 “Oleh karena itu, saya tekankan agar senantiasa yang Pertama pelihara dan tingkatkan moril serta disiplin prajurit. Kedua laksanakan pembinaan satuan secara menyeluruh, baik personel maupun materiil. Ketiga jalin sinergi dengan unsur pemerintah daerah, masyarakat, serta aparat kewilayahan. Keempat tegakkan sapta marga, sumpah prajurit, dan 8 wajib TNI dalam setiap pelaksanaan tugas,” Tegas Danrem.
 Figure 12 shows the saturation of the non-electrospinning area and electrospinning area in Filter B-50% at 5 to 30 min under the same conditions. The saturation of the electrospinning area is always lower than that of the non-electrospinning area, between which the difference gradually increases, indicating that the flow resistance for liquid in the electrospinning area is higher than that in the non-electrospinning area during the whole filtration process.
==
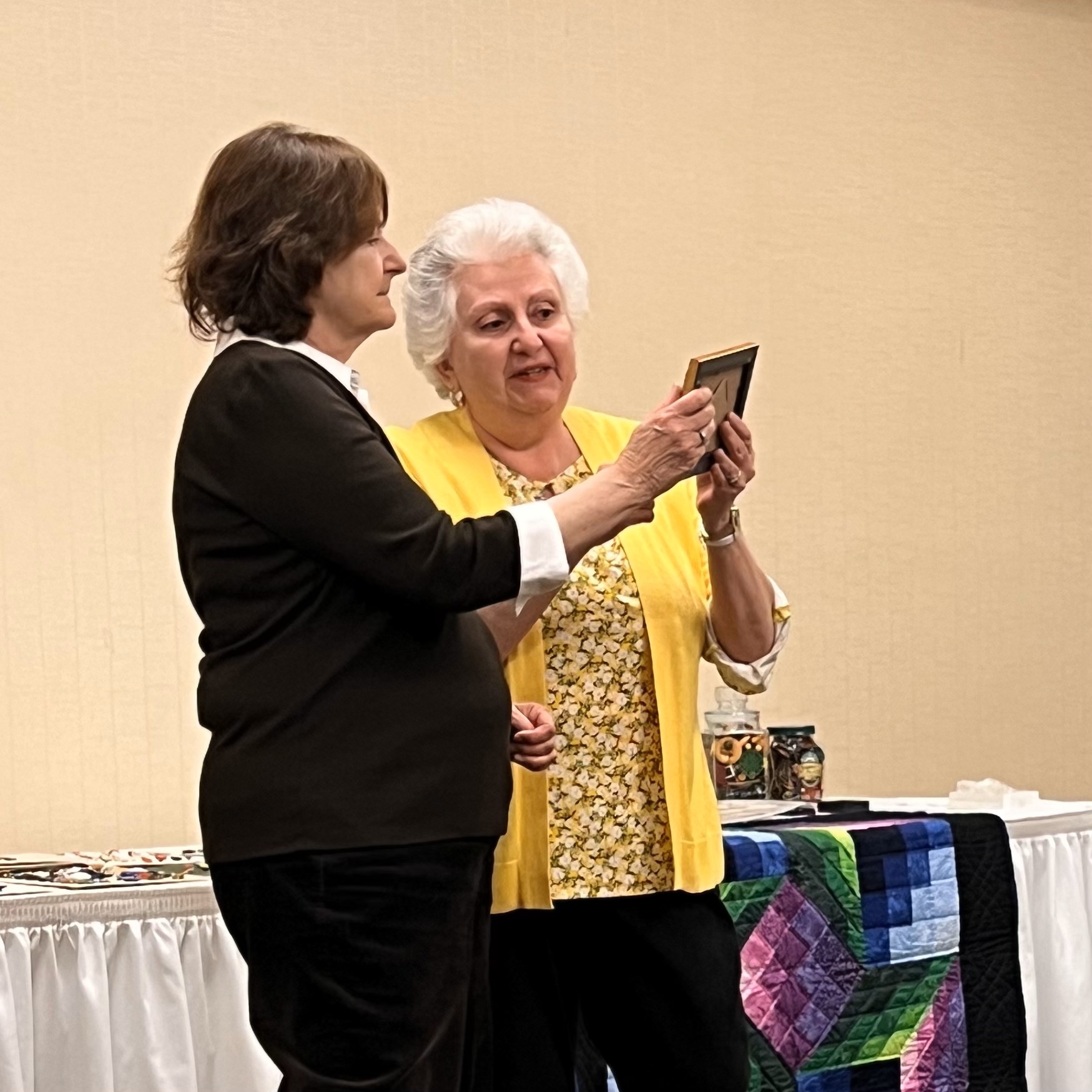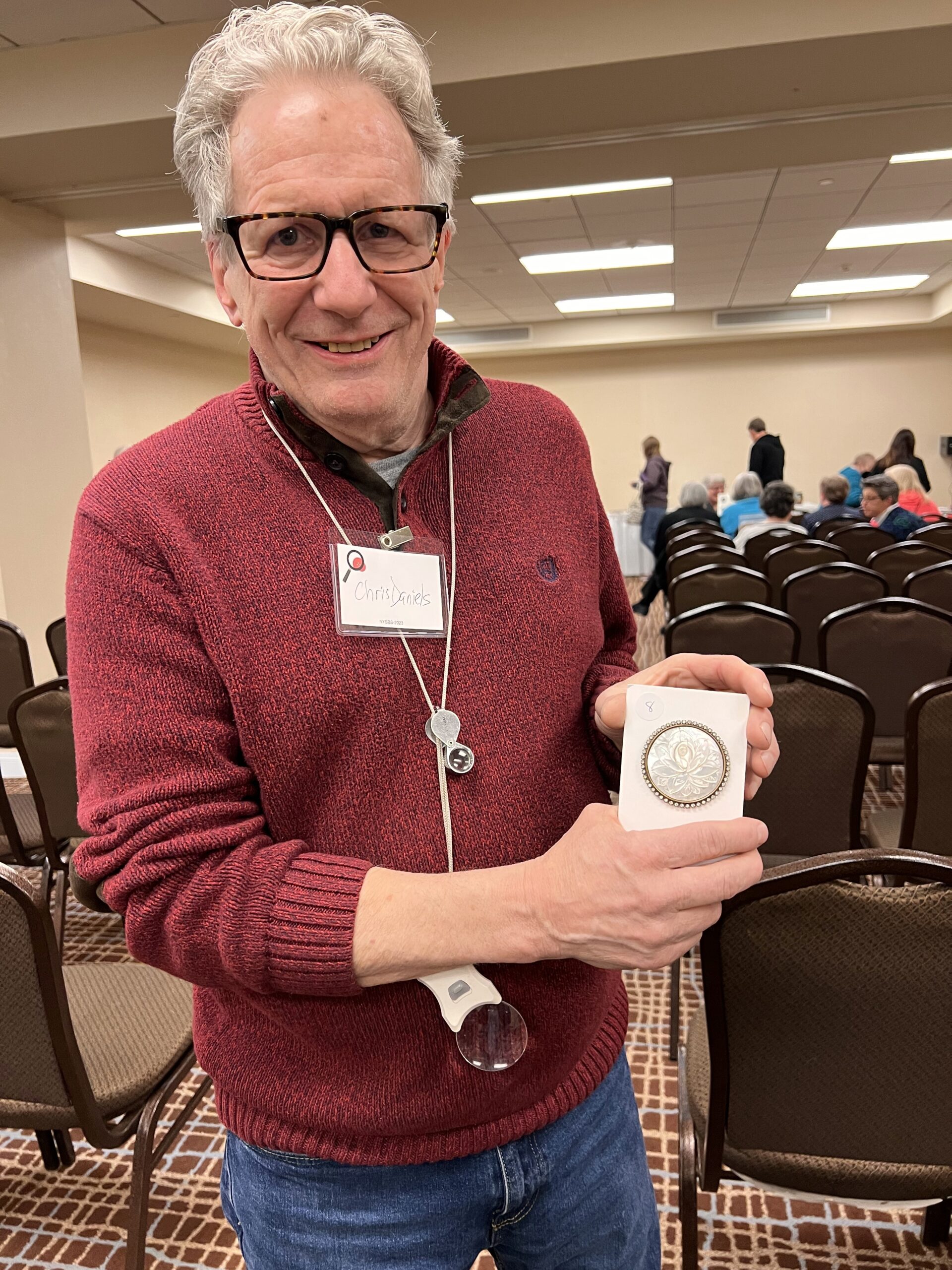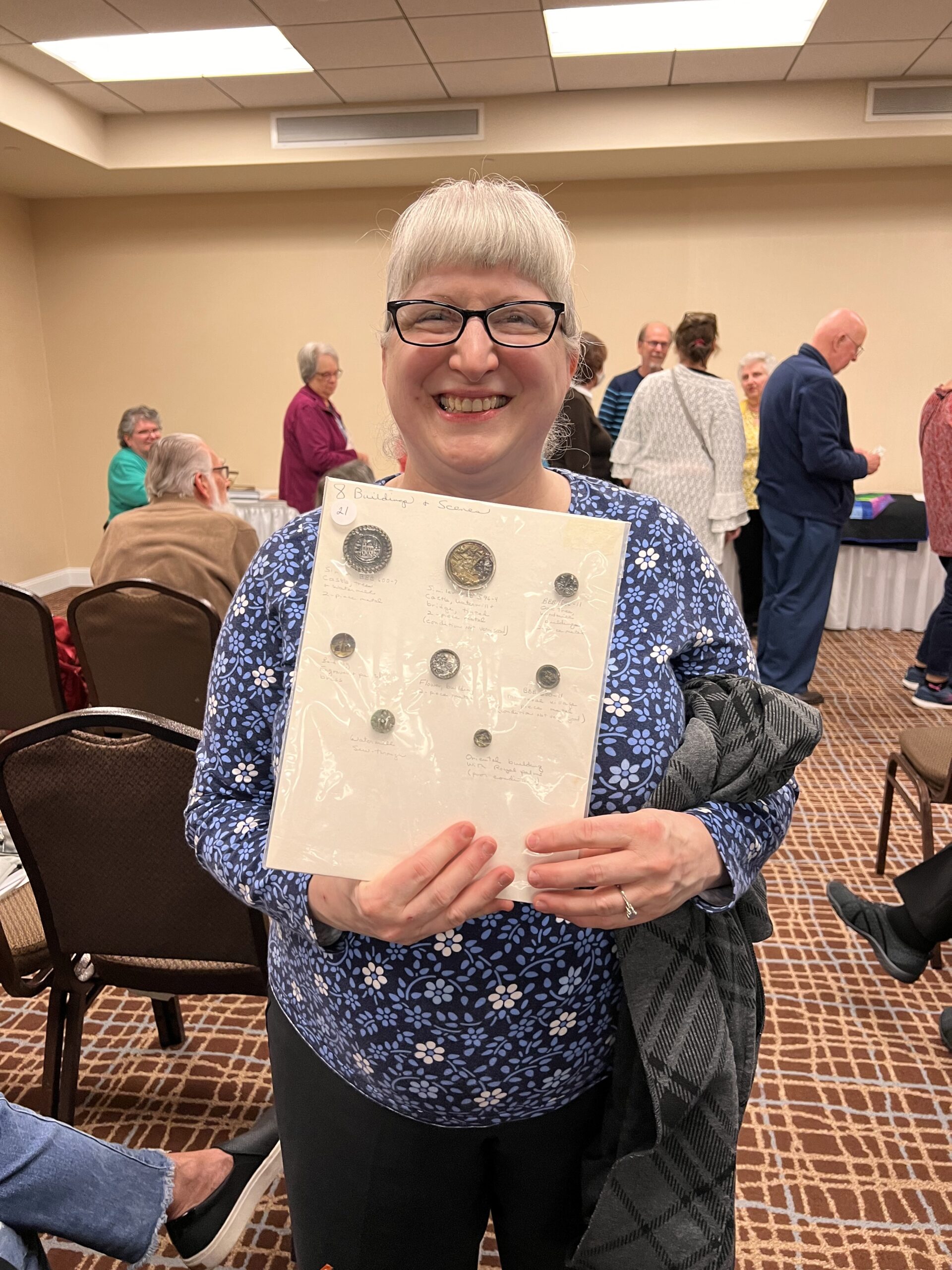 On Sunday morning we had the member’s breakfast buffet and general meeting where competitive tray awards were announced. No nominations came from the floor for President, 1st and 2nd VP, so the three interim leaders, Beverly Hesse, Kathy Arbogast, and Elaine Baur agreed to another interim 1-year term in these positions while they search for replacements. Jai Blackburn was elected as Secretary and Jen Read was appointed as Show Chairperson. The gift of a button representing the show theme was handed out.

**THE TASK**
Only the lines above from the line containing "karena itu, saya" through the line containing "Figure 12 shows" should be retyped, exactly and with both ends included.

**EXERCISE OUTPUT**
 “Oleh karena itu, saya tekankan agar senantiasa yang Pertama pelihara dan tingkatkan moril serta disiplin prajurit. Kedua laksanakan pembinaan satuan secara menyeluruh, baik personel maupun materiil. Ketiga jalin sinergi dengan unsur pemerintah daerah, masyarakat, serta aparat kewilayahan. Keempat tegakkan sapta marga, sumpah prajurit, dan 8 wajib TNI dalam setiap pelaksanaan tugas,” Tegas Danrem.
 Figure 12 shows the saturation of the non-electrospinning area and electrospinning area in Filter B-50% at 5 to 30 min under the same conditions. The saturation of the electrospinning area is always lower than that of the non-electrospinning area, between which the difference gradually increases, indicating that the flow resistance for liquid in the electrospinning area is higher than that in the non-electrospinning area during the whole filtration process.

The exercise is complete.